It has long been said that speech influences prose, that the way we speak is likely to affect the way we write. One vehicle for this influence is television and film; for students and fans of history, this includes documentaries. Perhaps in order to build up suspense (at least for audiences unfamiliar with the topic or event being narrated), documentaries routinely use a strange—and I believe inappropriate—tense for talking about history: it's called "the simple conditional."
It goes something like this: "Hitler's troops would march into Poland." One half expects the narrator to follow with this: "However, they ended up turning around because the Poles were so unwelcoming," or "if, and only if, Hitler paid them high enough wages."

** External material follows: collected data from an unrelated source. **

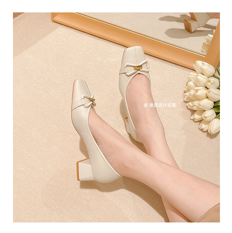 Бежевая небольшая дизайнерская обувь на высоком каблуке для кожаной обуви, французский стиль, 2023, тренд сезона
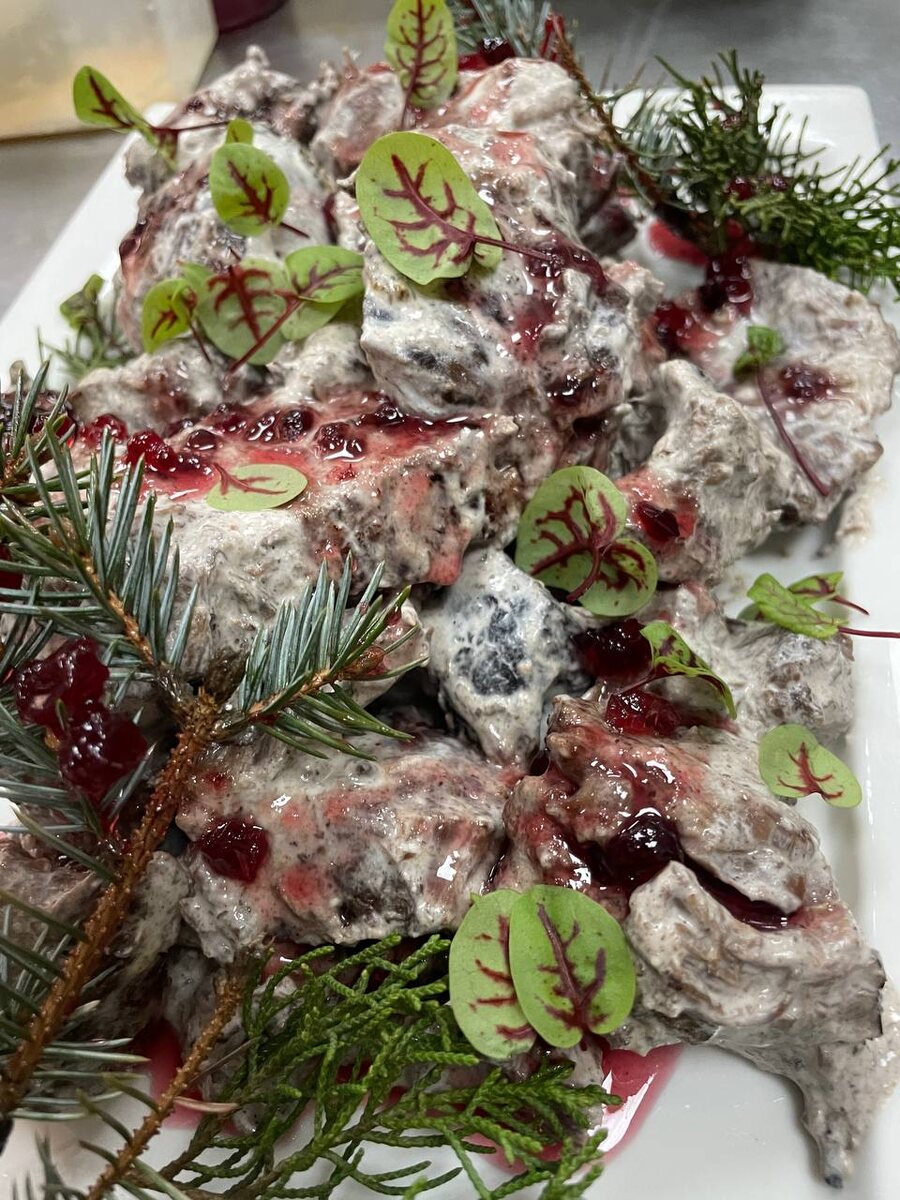 Дикий Олень с 3 мя соусами /дикие лесные ягоды /брусника/белые грибы
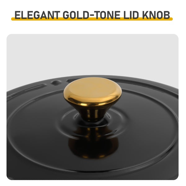 - Premium Cast Iron Construction: Heavy-duty cast iron body with interior and exterior black enamel coating ensures excellent heat retention, even cooking, and long-lasting durability.
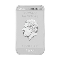 - Premium Silver Composition: Struck from 1oz of 99.99% pure silver with a fineness of 99.99 and a rectangular shape measuring 47.60 x 27.60 mm.
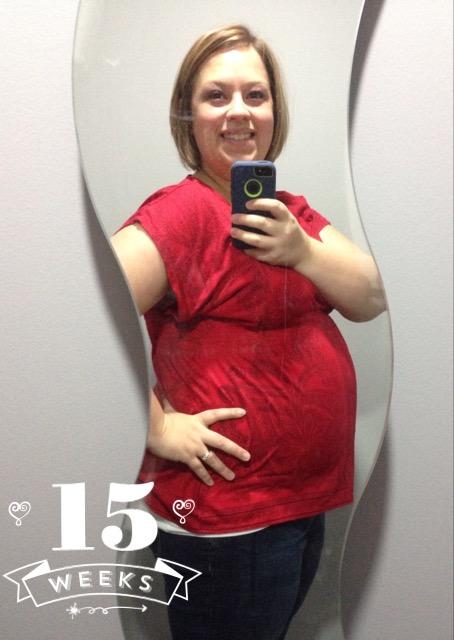 Here is my bump at 15+4 and FTM. Sometimes I feel like I just look flabby Also I took a pic yesterday (when my back was hurting) and today (back is not hurting) and my bump is noticeably further out today...is it possible the baby sits more in my back some days or is it just coincidence?

In other words, as the name implies, conditional tenses (they come in "progressive" and "perfect" models, too) require a condition, an "if". Here's an example: "Hitler would even persecute non-Jewish Germans if they opposed him or failed to fit into his eugenics scheme."
Many history students are mimicking this approach in historical writing. Yet how logical is it to write about past events using a conditional tense? If the event happened, then it should be expressed in the (simple) past tense: "Hitler's troops marched into Poland." Whereas it is appropriate to use the present tense when discussing the works of authors—even those long dead—it is not so when writing about events in the past.
Did Hitler's troops march into Poland? Indeed they did, on September 1, 1939; it's done, finis. So let's not imply any conditions on events that have already occurred; when we write about the past, let's use the past (tense).